Prolonged P300 Latency in Antipsychotic-Free Subjects with At-Risk Mental States Who Later Developed Schizophrenia

We measured P300, an event-related potential, in subjects with at-risk mental states (ARMS) and aimed to determine whether P300 parameter can predict progression to overt schizophrenia. Thirty-three subjects with ARMS, 39 with schizophrenia, and 28 healthy controls participated in the study. All subjects were antipsychotic-free.

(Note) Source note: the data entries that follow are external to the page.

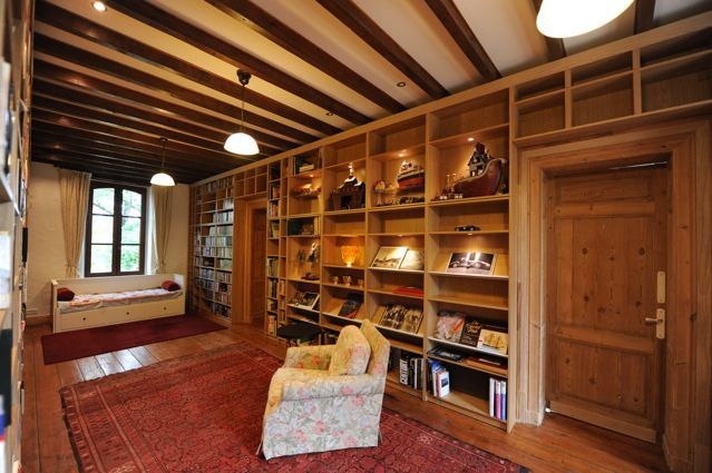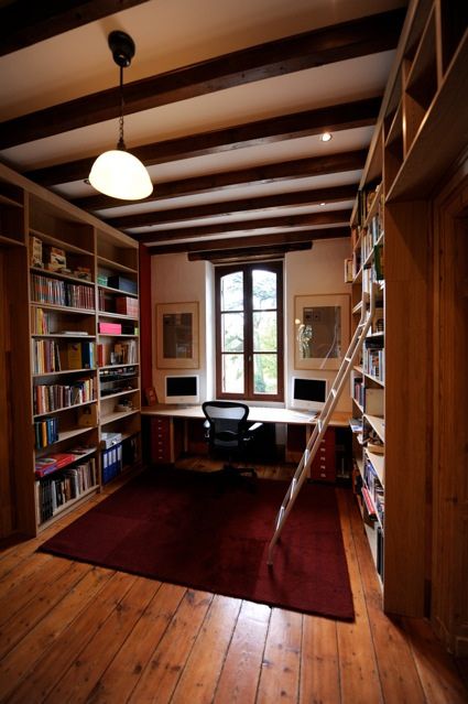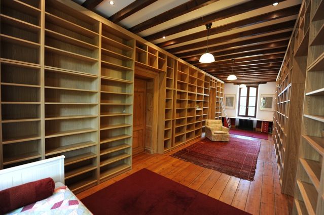 Вам понадобится около 60 стеллажей системы БИЛЛИ или серии БЕННУ для изготовления библиотеки шириной примерно 11*4 м и высотой 3.3 м. На таком пространстве нетрудно уместить целый встроенный офис. Не беда, если площадь вашей комнаты не позволяет установить библиотеку таких размеров, просто рассчитайте, сколько стеллажей вам потребуется и создайте уменьшенную копию.
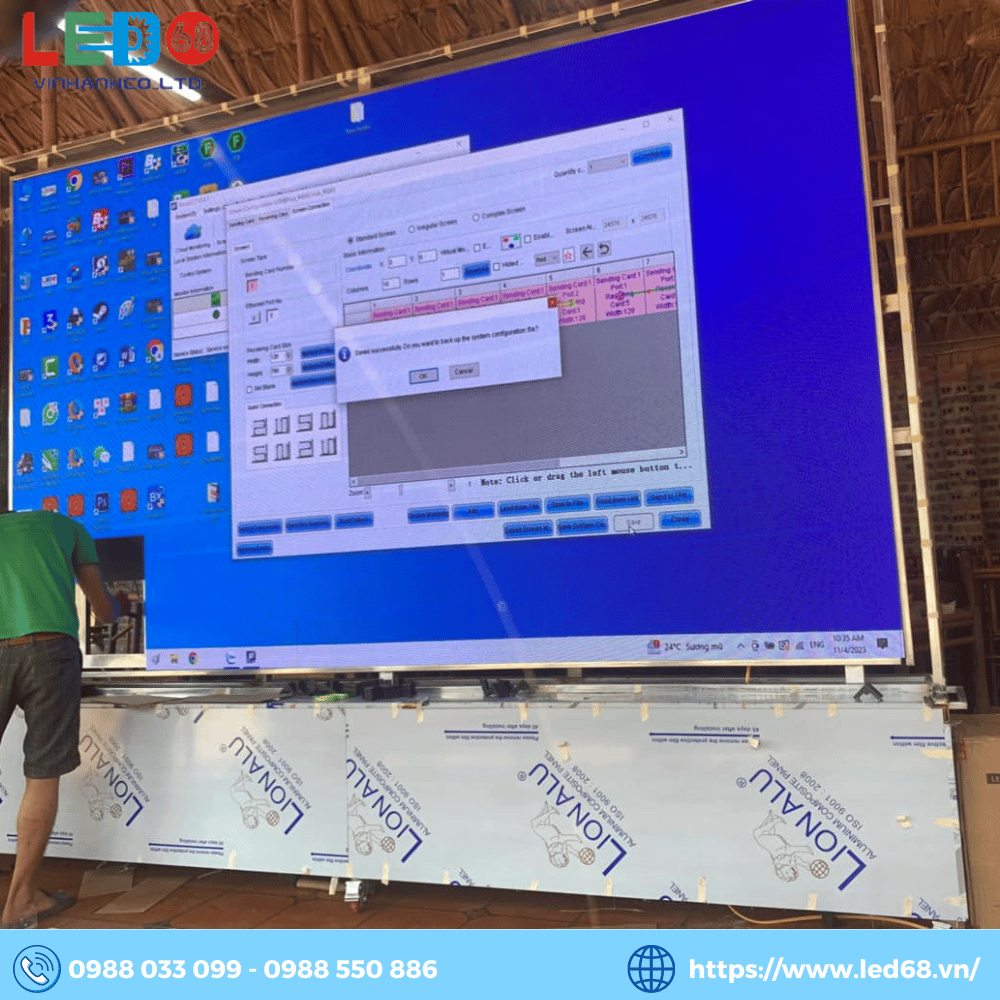 - Cài đặt bộ xử lý với các thông số về độ phân giải, kích thước màn hình, độ sáng tối của màn hình LED.
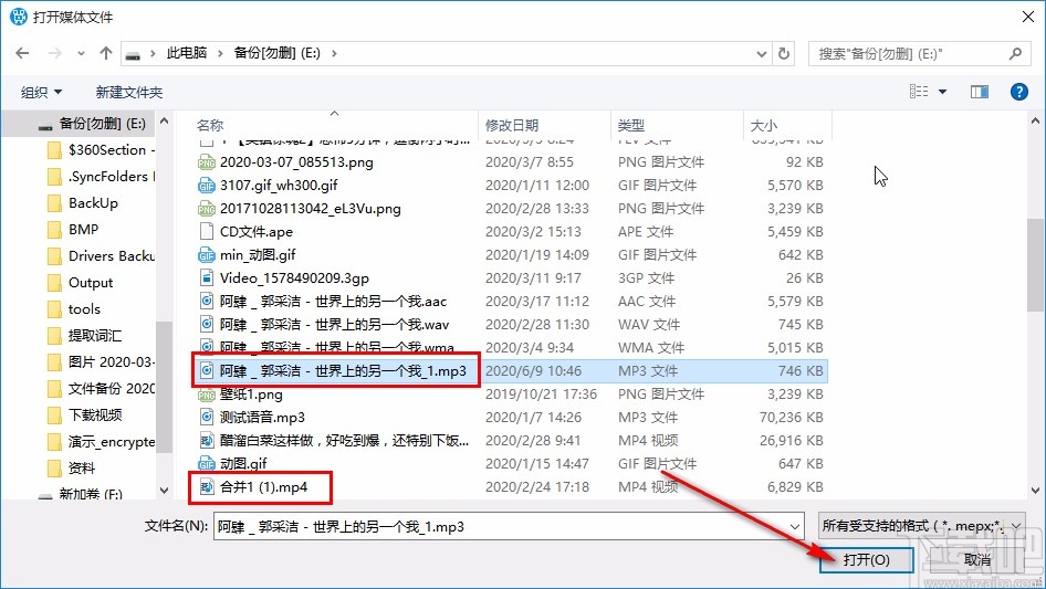 2.点击添加文件按钮打开选择文件的界面之后,我们找到想要添加音乐的视频文件,再找到想要添加到视频中的音乐文件,按住键盘ctrl键将它们两个都选中之后点击打开按钮。
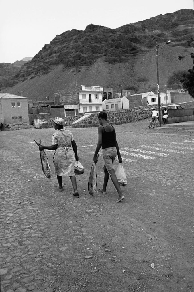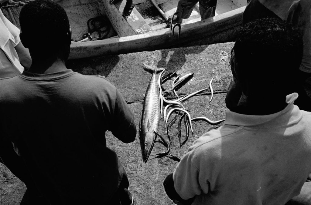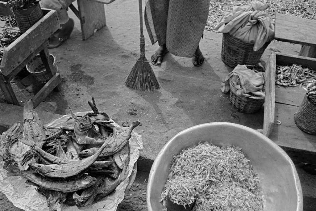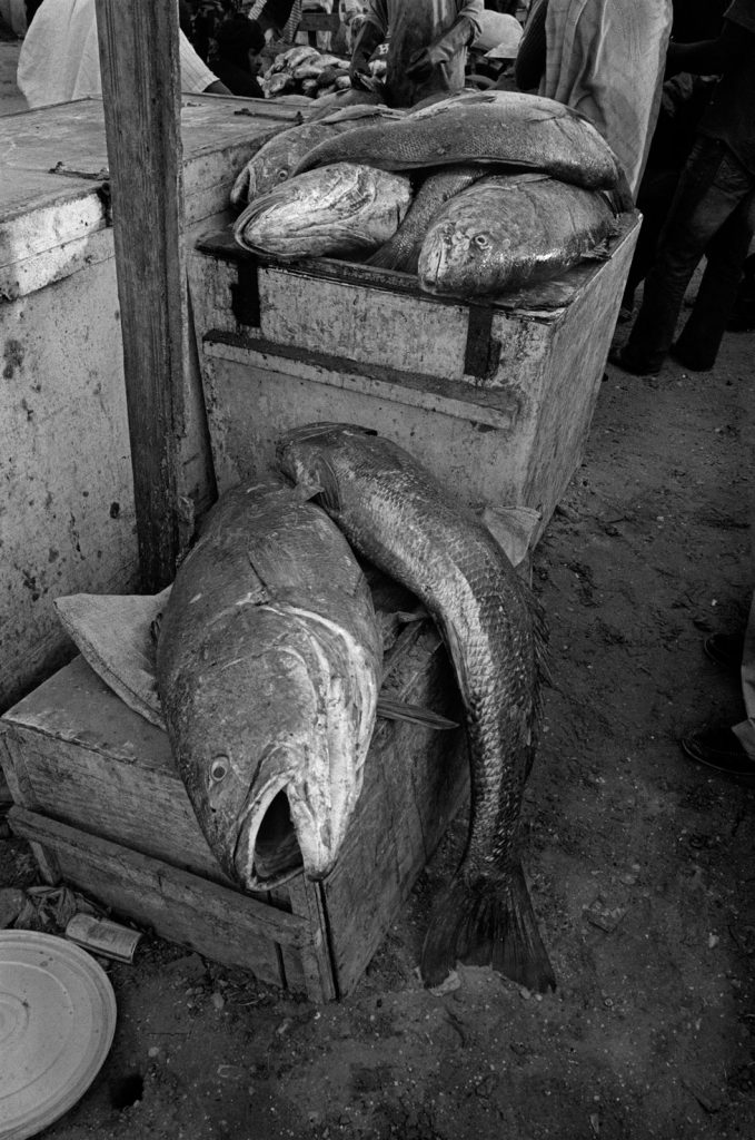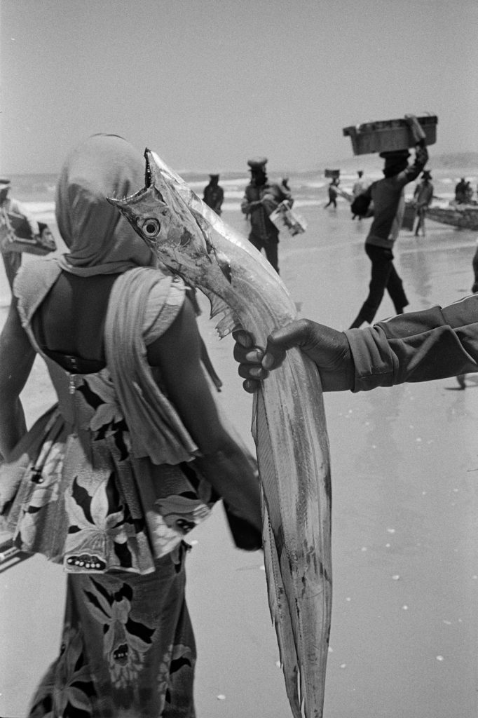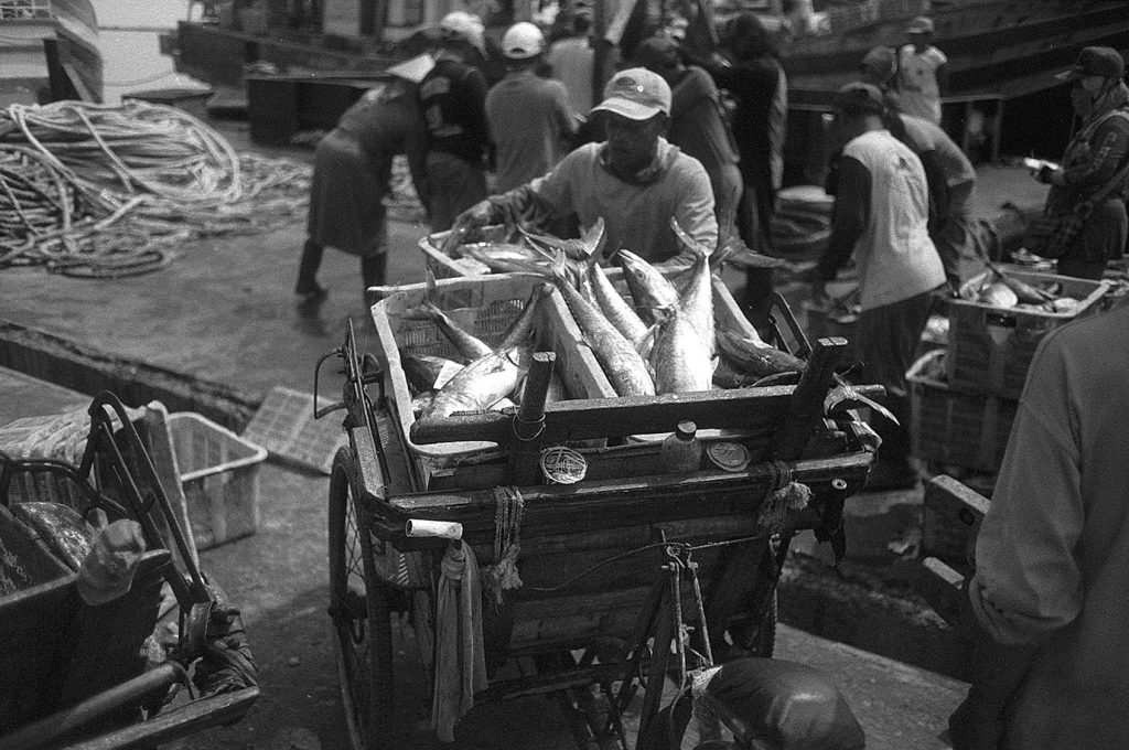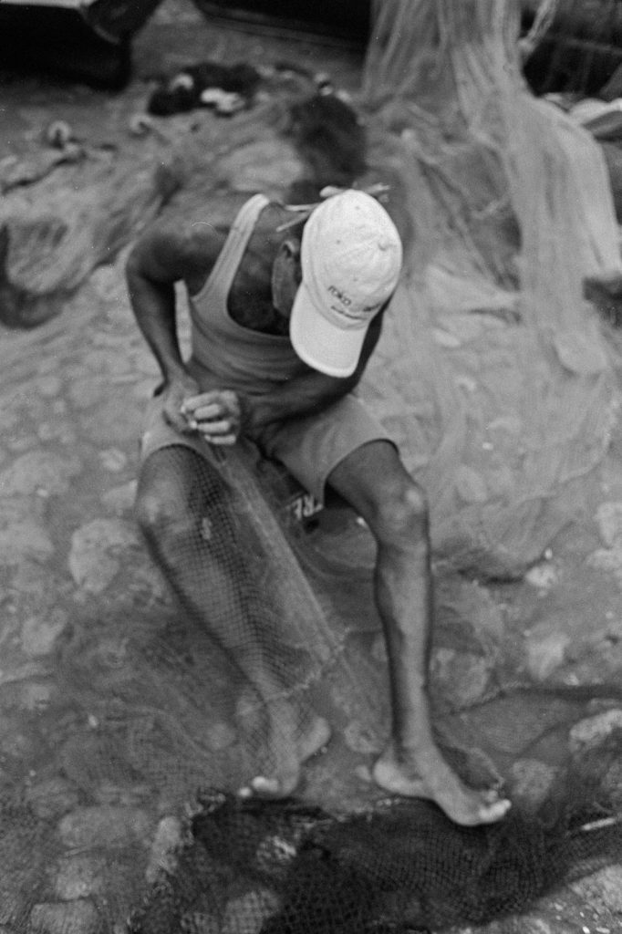 « Le poids pas bon pour l’homme », me dit celui qui refusait que je le photographie portant, amortie par une couronne de mousse sommairement posée sur sa tête, un bac de 70 kgs de sardines, d’un plastique aussi triste et gris que fonctionnel. Le cou et le dos brisé, ses jambes ne le portant plus, cet homme cassé, le corps usé par tant de courses, se préservait d’une dignité perdue.

Subjects with ARMS were followed-up for more than two years. Cognitive function was measured by the Brief assessment of Cognition in Schizophrenia (BACS) and Schizophrenia Cognition Rating Scale (SCoRS), while the modified Global Assessment of Functioning (mGAF) was used to assess global function. Patients with schizophrenia showed smaller P300 amplitudes and prolonged latency at Pz compared to those of healthy controls and subjects with ARMS. During the follow-up period, eight out of 33 subjects with ARMS developed overt psychosis (ARMS-P) while 25 did not (ARMS-NP). P300 latency of ARMS-P was significantly longer than that of ARMS-NP. At baseline, ARMS-P elicited worse cognitive functions, as measured by the BACS and SCoRS compared to ARMS-NP. We also detected a significant relationship between P300 amplitudes and mGAF scores in ARMS subjects. Our results suggest the usefulness of prolonged P300 latency and cognitive impairment as a predictive marker of later development of schizophrenia in vulnerable individuals.